*DESCRIPTION OF THE TASK:* From the line with "Postcard is shown" through the line with "Theo Trung tá", inclusive, return each line of the data below exactly and leave the rest out.

*INFORMATION SHOWN:*
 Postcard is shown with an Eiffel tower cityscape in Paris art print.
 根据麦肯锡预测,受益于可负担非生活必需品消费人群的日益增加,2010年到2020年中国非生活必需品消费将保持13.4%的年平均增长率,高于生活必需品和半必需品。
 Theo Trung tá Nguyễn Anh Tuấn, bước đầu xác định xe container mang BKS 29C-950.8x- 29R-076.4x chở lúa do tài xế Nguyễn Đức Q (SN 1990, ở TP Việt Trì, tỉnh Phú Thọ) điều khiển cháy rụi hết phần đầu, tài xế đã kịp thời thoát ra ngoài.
...
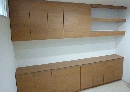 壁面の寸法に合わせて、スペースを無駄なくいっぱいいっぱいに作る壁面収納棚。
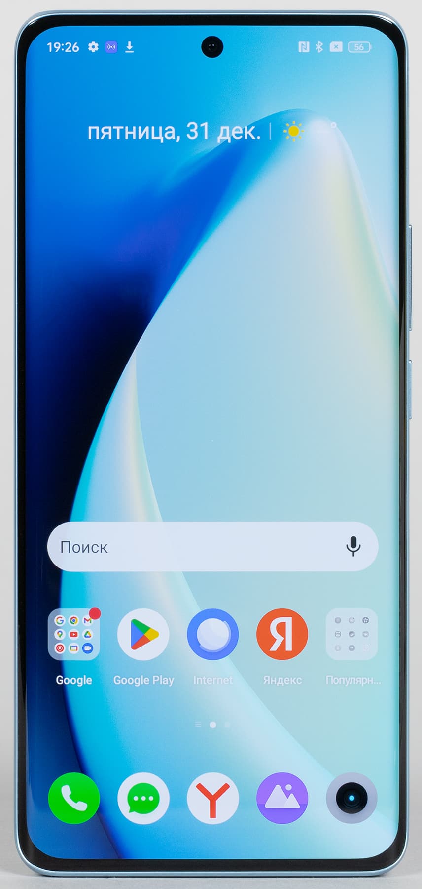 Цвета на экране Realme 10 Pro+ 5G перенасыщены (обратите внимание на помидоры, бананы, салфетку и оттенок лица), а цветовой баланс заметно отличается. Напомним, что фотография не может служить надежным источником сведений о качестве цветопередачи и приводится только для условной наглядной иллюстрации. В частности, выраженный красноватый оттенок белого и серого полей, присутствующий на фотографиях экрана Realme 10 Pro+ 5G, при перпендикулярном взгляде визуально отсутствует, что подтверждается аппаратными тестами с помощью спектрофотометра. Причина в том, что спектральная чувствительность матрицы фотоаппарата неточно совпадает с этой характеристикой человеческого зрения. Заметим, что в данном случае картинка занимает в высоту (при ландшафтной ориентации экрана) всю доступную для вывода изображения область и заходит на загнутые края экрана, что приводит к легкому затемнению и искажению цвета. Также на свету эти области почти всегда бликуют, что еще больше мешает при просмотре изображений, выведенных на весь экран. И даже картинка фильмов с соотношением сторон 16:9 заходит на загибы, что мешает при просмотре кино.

*OUTPUT FOR THIS TASK:*
 Postcard is shown with an Eiffel tower cityscape in Paris art print.
 根据麦肯锡预测,受益于可负担非生活必需品消费人群的日益增加,2010年到2020年中国非生活必需品消费将保持13.4%的年平均增长率,高于生活必需品和半必需品。
 Theo Trung tá Nguyễn Anh Tuấn, bước đầu xác định xe container mang BKS 29C-950.8x- 29R-076.4x chở lúa do tài xế Nguyễn Đức Q (SN 1990, ở TP Việt Trì, tỉnh Phú Thọ) điều khiển cháy rụi hết phần đầu, tài xế đã kịp thời thoát ra ngoài.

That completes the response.